━━━ Provided entries ━━━

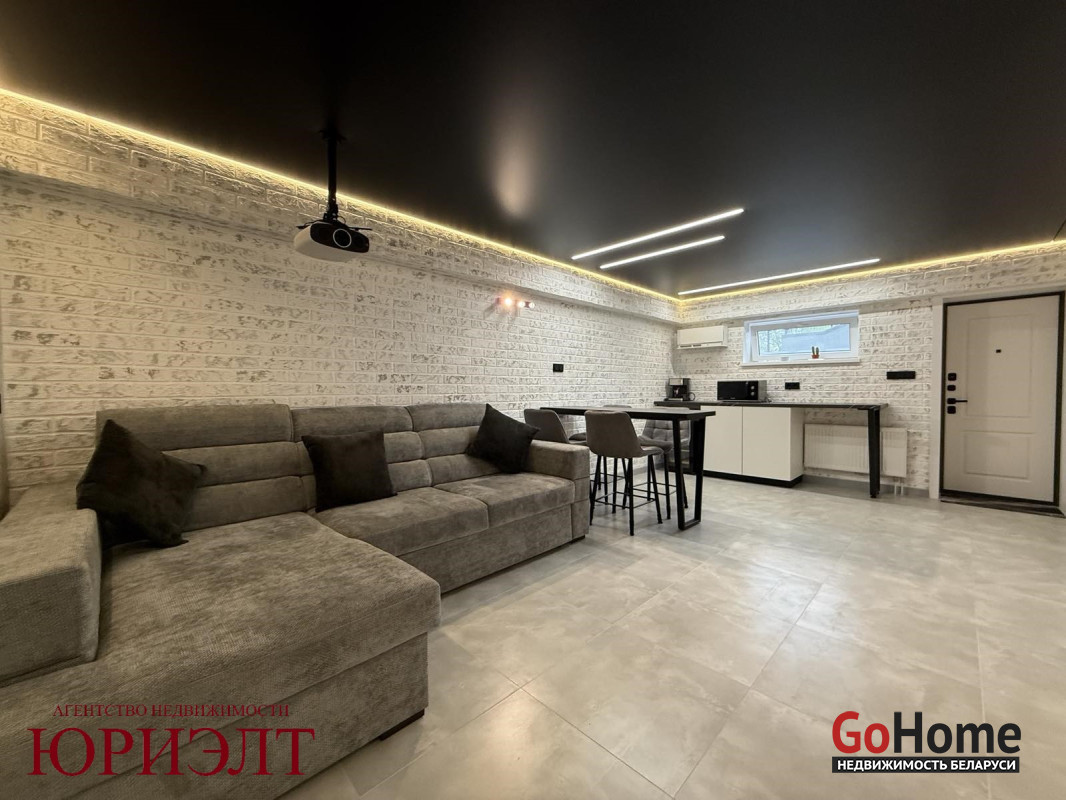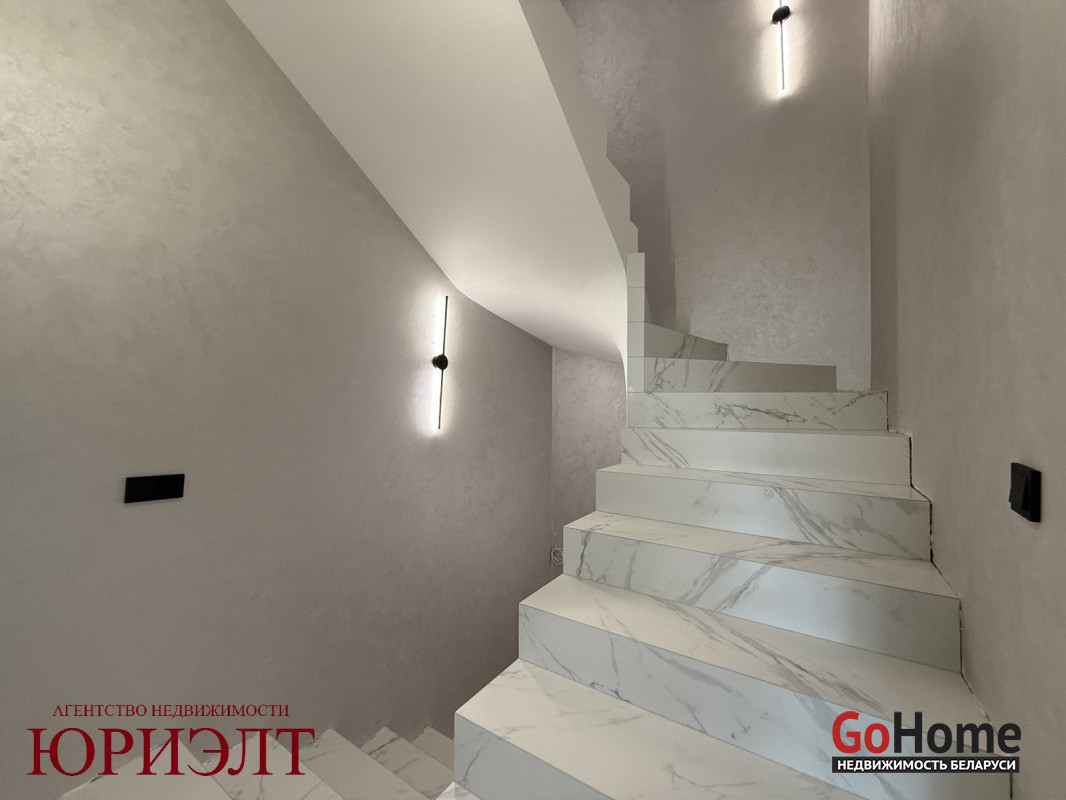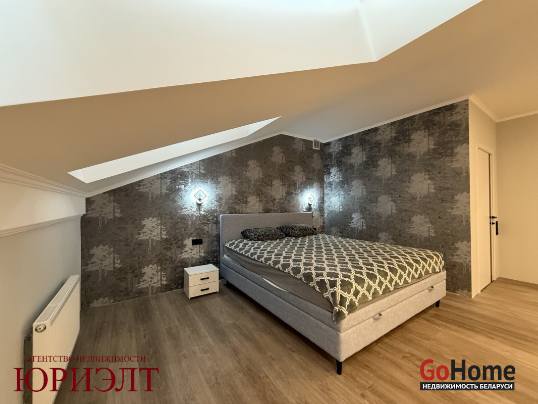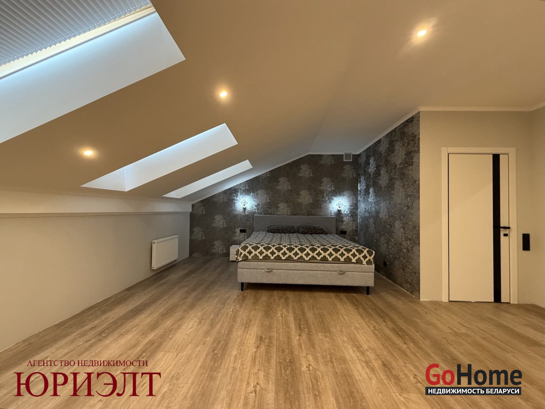 Стены первого этажа и на лестнице отделаны декоративной штукатуркой, в спальнях оклеены обоями. Потолок-натяжной с ленточным и точечным освещением. Мансарда, площадь которой 38.8 кв.м., переоборудована в жилое помещение с просторной гардеробной. Площадь подвального помещения 32 кв.м., оборудовано под жилое, обустроено мебелью, изготовленной по индивидуальному проекту: мини-кухня с барным столом и стульями, зона отдыха с большим угловым диваном и проектором, офисная зона, гардеробная, санузел. Установлена принудительная система вентиляции, канализационный насос.
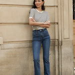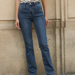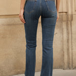 The Bella Jeans have a regular bootcut fit, meaning they are fitted at the thighs and buttocks and then slightly flared at the bottom of the silhouette.
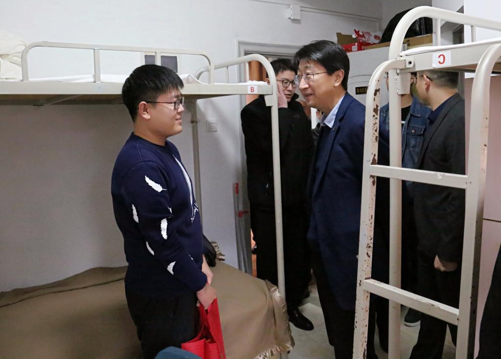 程鹏一行检查了校园疫情防控工作、校门体温检测、校园值班值守等情况,并前往文华苑学生宿舍楼看望慰问寒假留校学生。
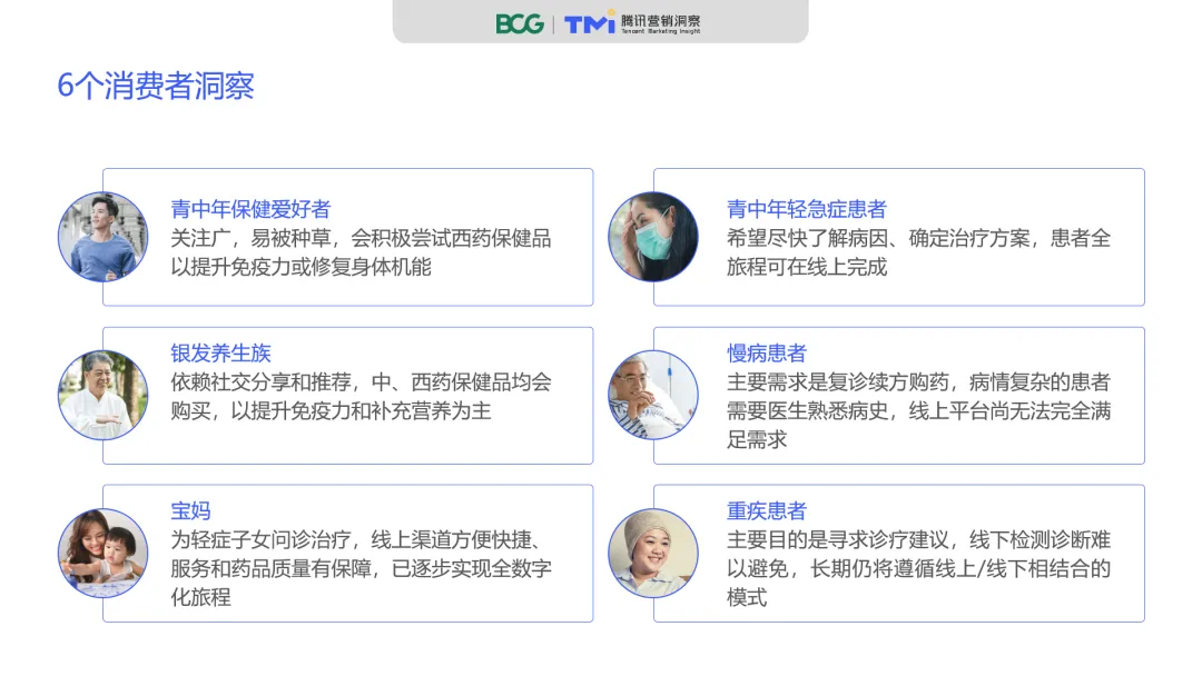 腾讯广告TMI腾讯营销洞察携手波士顿咨询公司(BCG),通过定量调研、深度访谈、案例研究,基于腾讯平台的消费者数字化医疗全旅程研究,以及近一年数字化医疗头部平台大数据分析,洞见数字化医疗行业未来发展大势,全方位解读当前消费者数字化医疗行为,为整个行业发展提供有效建议与指引。
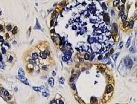 Immunohistochemistry: Human ovarian cancer stained with ARG45963 anti-CLCN2 antibody at 1:100 dilution.
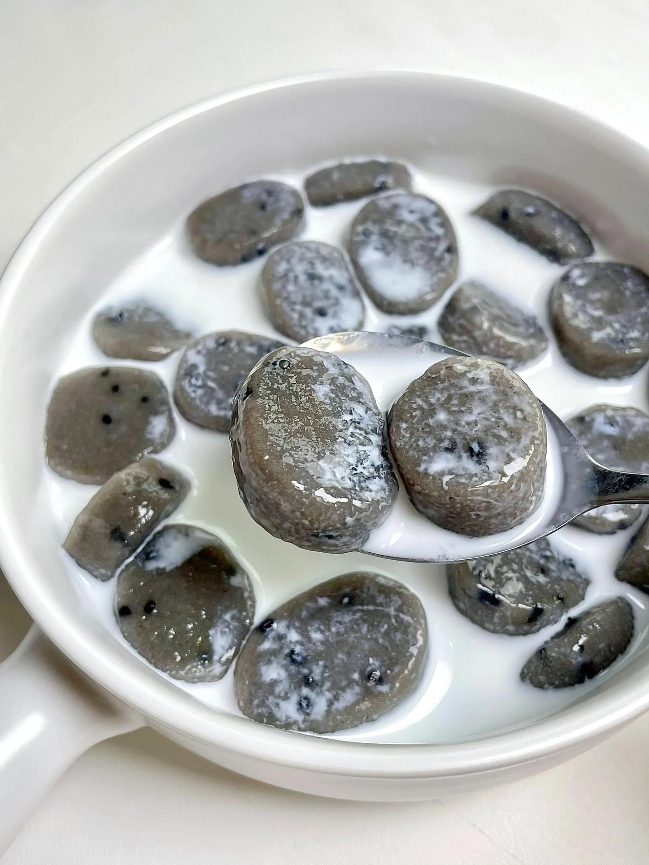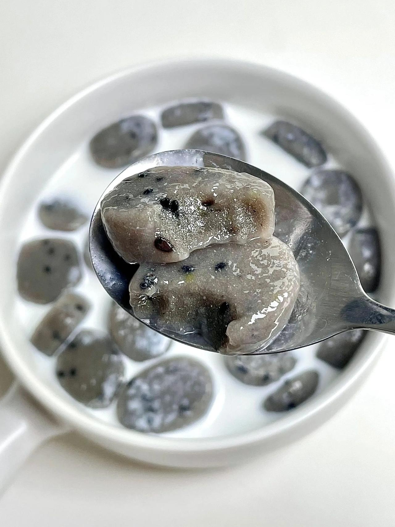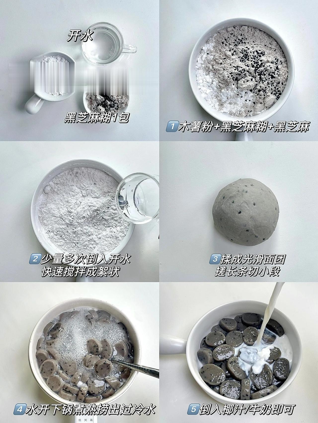 颜值爆表!比珍珠芋圆更好吃的黑芝麻阿达子! 夏季少不了好吃又好喝的甜品,今天就跟大家分享一道夏日必备小甜品~黑芝麻阿达子,软糯Q弹,颜值爆表,比珍珠芋圆更加清甜可口,配上牛奶,奶茶或椰汁,口感超赞,爆炸好吃,做法简单! 做法: 1、木薯粉+黑芝麻糊+黑芝麻,少量多次倒入开水,快速搅拌成絮状,再揉成光滑面团; 2、搓长条切小段; 3、水开下锅煮熟捞出过冷水,倒入椰汁/牛奶即可。
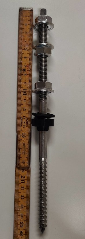 Stokskrue til tømmer med sekskantede 7 AF til montage af C-skinner, Bundplader eller skrue broer med EPDM-tætning og 18 AF Låsemøtrikker. M10 250 mm
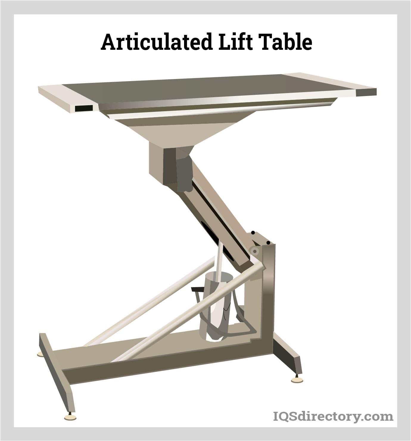 An articulated lift table features a multi-link (often two-part) lifting mechanism, typically powered by one or more electric motors. As one support segment elevates, the upper linked segment rises in tandem, smoothly carrying the work surface to the required height. This unique lifting geometry allows for versatile movement, including both vertical and horizontal adjustments in some models. Articulated lift tables are reflective of cherry picker or aerial work platform designs, making them suitable for technical work, light assembly, and environments where access to varying heights and ergonomic positions is required.
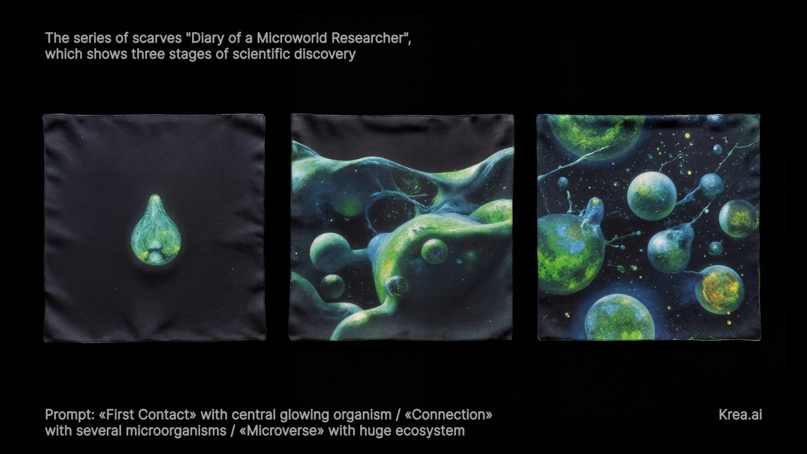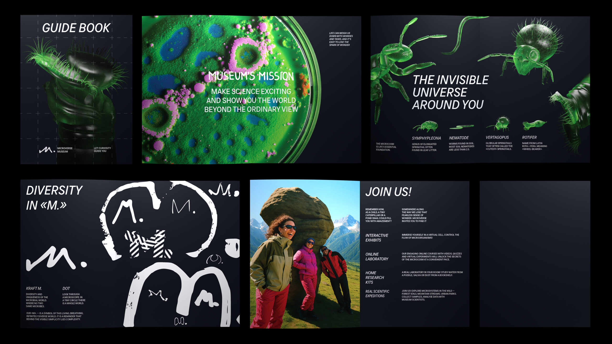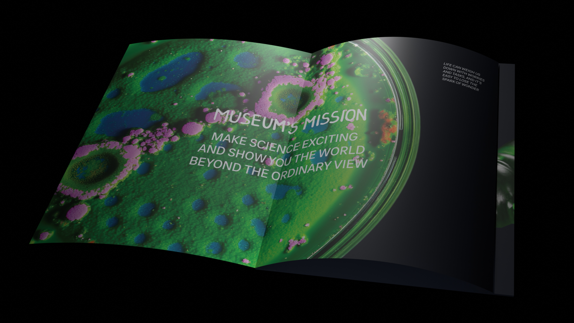 That’s why I came up with the concept of a museum where engaging and accessible science is showcased through interactive exhibits, state-of-the-art simulators, microscopes, and scientific expeditions into real ecosystems. The mission of this museum is to make science exciting. I aimed to convey a tone that blends scientific depth with a spirit of adventure, evoking themes of exploration, personal growth, and inspiration from nature. The identity concept is called “the universe of the micro world.” I created 3D models of microorganisms in Blender, used TT Interphases Pro to ensure scientific accuracy, and incorporated handwritten labels to bring the life of microorganisms to life. The identity features a variable symbol with a dot, which also serves as the logo, reflecting the endless diversity of microorganisms. I also used a neural network in my work. Krea.ai To make a video that tells about the mission and the museum itself, both pictures and a voice are generated there, which accompanies the viewer throughout the narrative.
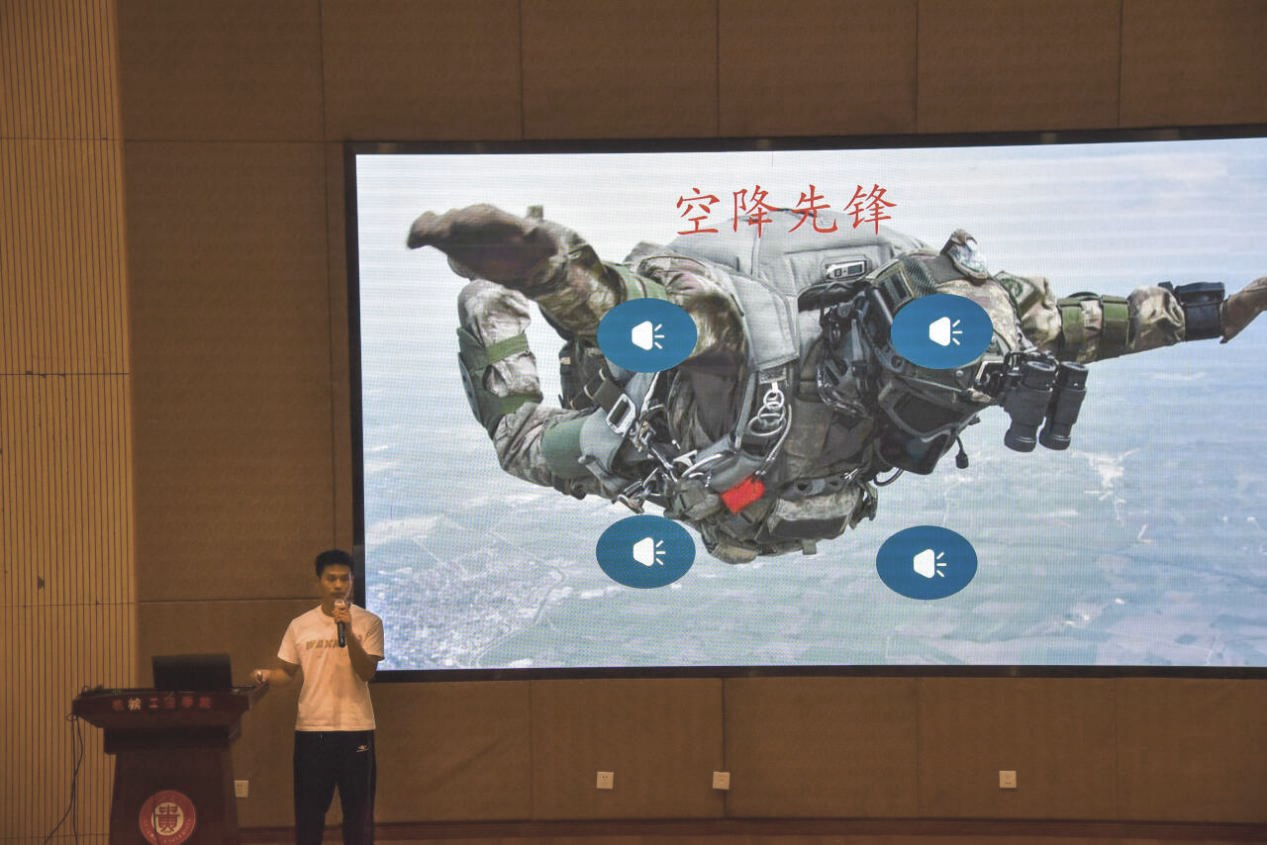 隨后,學院退役學生代表譚少君顏、梁建文、趙齊壟三人分享入伍心得。他們用自己的親身經歷,回答了“為什么入伍”及“入伍收獲了什么”兩大問題。
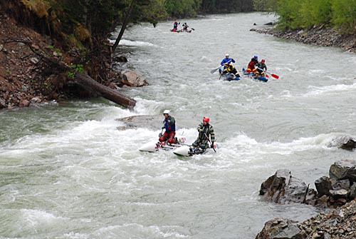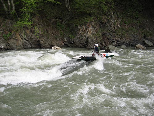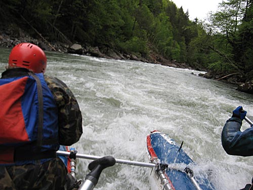 8.05 Сбор лагеря был уже отработан и составил 2 часа. Еще раз встреча с коллективом Махляева «Мир приключений«. Сплав планировалось осуществить, как и на р.Кубань, всей группой одновременно. Машины шли по берегу до оговоренного места встречи на первом мосту. Отчалив от лагеря через 200 метров провели докачку судов. Участок реки до четвертого каньона относится ко 2 к.с. Река временами делится на разбои. Время сплава до начала каньона порядка 20 минут. Перед началом каньона зачалились на правом берегу. Впереди видно сужение русла. По левому берегу высокие ели и впадающий ручей. Проведена поэкипажная сьемка. Длина каньона около 1.5км. Каньон характеризуется прижимами, мощными валами в скальных сужениях.
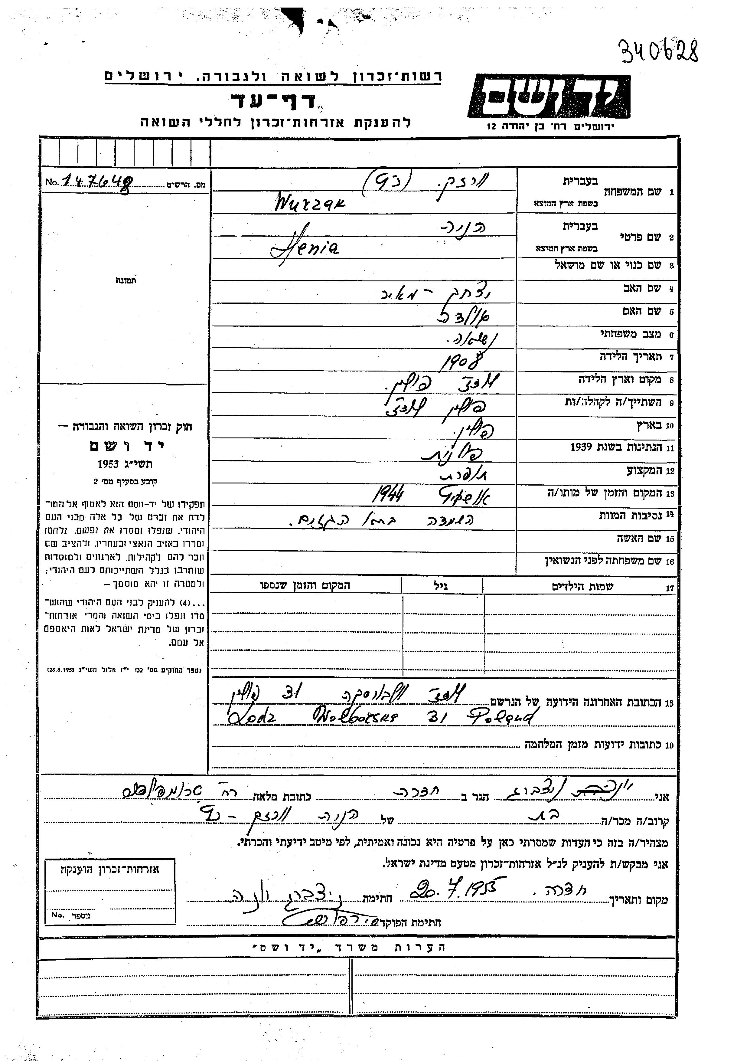 Henia Vorechek Wurzak, geb. Katz wurde im Jahr 1906 in Lodz, Polen geboren. Vor dem Zweiten Weltkrieg lebte sie in Lodz, Polen.

━━━

> _Your instructions_:
Make an exact copy of every entry above, minus the images.

> _Response box_:
 Стены первого этажа и на лестнице отделаны декоративной штукатуркой, в спальнях оклеены обоями. Потолок-натяжной с ленточным и точечным освещением. Мансарда, площадь которой 38.8 кв.м., переоборудована в жилое помещение с просторной гардеробной. Площадь подвального помещения 32 кв.м., оборудовано под жилое, обустроено мебелью, изготовленной по индивидуальному проекту: мини-кухня с барным столом и стульями, зона отдыха с большим угловым диваном и проектором, офисная зона, гардеробная, санузел. Установлена принудительная система вентиляции, канализационный насос.
 The Bella Jeans have a regular bootcut fit, meaning they are fitted at the thighs and buttocks and then slightly flared at the bottom of the silhouette.
 程鹏一行检查了校园疫情防控工作、校门体温检测、校园值班值守等情况,并前往文华苑学生宿舍楼看望慰问寒假留校学生。
 腾讯广告TMI腾讯营销洞察携手波士顿咨询公司(BCG),通过定量调研、深度访谈、案例研究,基于腾讯平台的消费者数字化医疗全旅程研究,以及近一年数字化医疗头部平台大数据分析,洞见数字化医疗行业未来发展大势,全方位解读当前消费者数字化医疗行为,为整个行业发展提供有效建议与指引。
 Immunohistochemistry: Human ovarian cancer stained with ARG45963 anti-CLCN2 antibody at 1:100 dilution.
 颜值爆表!比珍珠芋圆更好吃的黑芝麻阿达子! 夏季少不了好吃又好喝的甜品,今天就跟大家分享一道夏日必备小甜品~黑芝麻阿达子,软糯Q弹,颜值爆表,比珍珠芋圆更加清甜可口,配上牛奶,奶茶或椰汁,口感超赞,爆炸好吃,做法简单! 做法: 1、木薯粉+黑芝麻糊+黑芝麻,少量多次倒入开水,快速搅拌成絮状,再揉成光滑面团; 2、搓长条切小段; 3、水开下锅煮熟捞出过冷水,倒入椰汁/牛奶即可。
 Stokskrue til tømmer med sekskantede 7 AF til montage af C-skinner, Bundplader eller skrue broer med EPDM-tætning og 18 AF Låsemøtrikker. M10 250 mm
 An articulated lift table features a multi-link (often two-part) lifting mechanism, typically powered by one or more electric motors. As one support segment elevates, the upper linked segment rises in tandem, smoothly carrying the work surface to the required height. This unique lifting geometry allows for versatile movement, including both vertical and horizontal adjustments in some models. Articulated lift tables are reflective of cherry picker or aerial work platform designs, making them suitable for technical work, light assembly, and environments where access to varying heights and ergonomic positions is required.
 That’s why I came up with the concept of a museum where engaging and accessible science is showcased through interactive exhibits, state-of-the-art simulators, microscopes, and scientific expeditions into real ecosystems. The mission of this museum is to make science exciting. I aimed to convey a tone that blends scientific depth with a spirit of adventure, evoking themes of exploration, personal growth, and inspiration from nature. The identity concept is called “the universe of the micro world.” I created 3D models of microorganisms in Blender, used TT Interphases Pro to ensure scientific accuracy, and incorporated handwritten labels to bring the life of microorganisms to life. The identity features a variable symbol with a dot, which also serves as the logo, reflecting the endless diversity of microorganisms. I also used a neural network in my work. Krea.ai To make a video that tells about the mission and the museum itself, both pictures and a voice are generated there, which accompanies the viewer throughout the narrative.
 隨后,學院退役學生代表譚少君顏、梁建文、趙齊壟三人分享入伍心得。他們用自己的親身經歷,回答了“為什么入伍”及“入伍收獲了什么”兩大問題。
 8.05 Сбор лагеря был уже отработан и составил 2 часа. Еще раз встреча с коллективом Махляева «Мир приключений«. Сплав планировалось осуществить, как и на р.Кубань, всей группой одновременно. Машины шли по берегу до оговоренного места встречи на первом мосту. Отчалив от лагеря через 200 метров провели докачку судов. Участок реки до четвертого каньона относится ко 2 к.с. Река временами делится на разбои. Время сплава до начала каньона порядка 20 минут. Перед началом каньона зачалились на правом берегу. Впереди видно сужение русла. По левому берегу высокие ели и впадающий ручей. Проведена поэкипажная сьемка. Длина каньона около 1.5км. Каньон характеризуется прижимами, мощными валами в скальных сужениях.
 Henia Vorechek Wurzak, geb. Katz wurde im Jahr 1906 in Lodz, Polen geboren. Vor dem Zweiten Weltkrieg lebte sie in Lodz, Polen.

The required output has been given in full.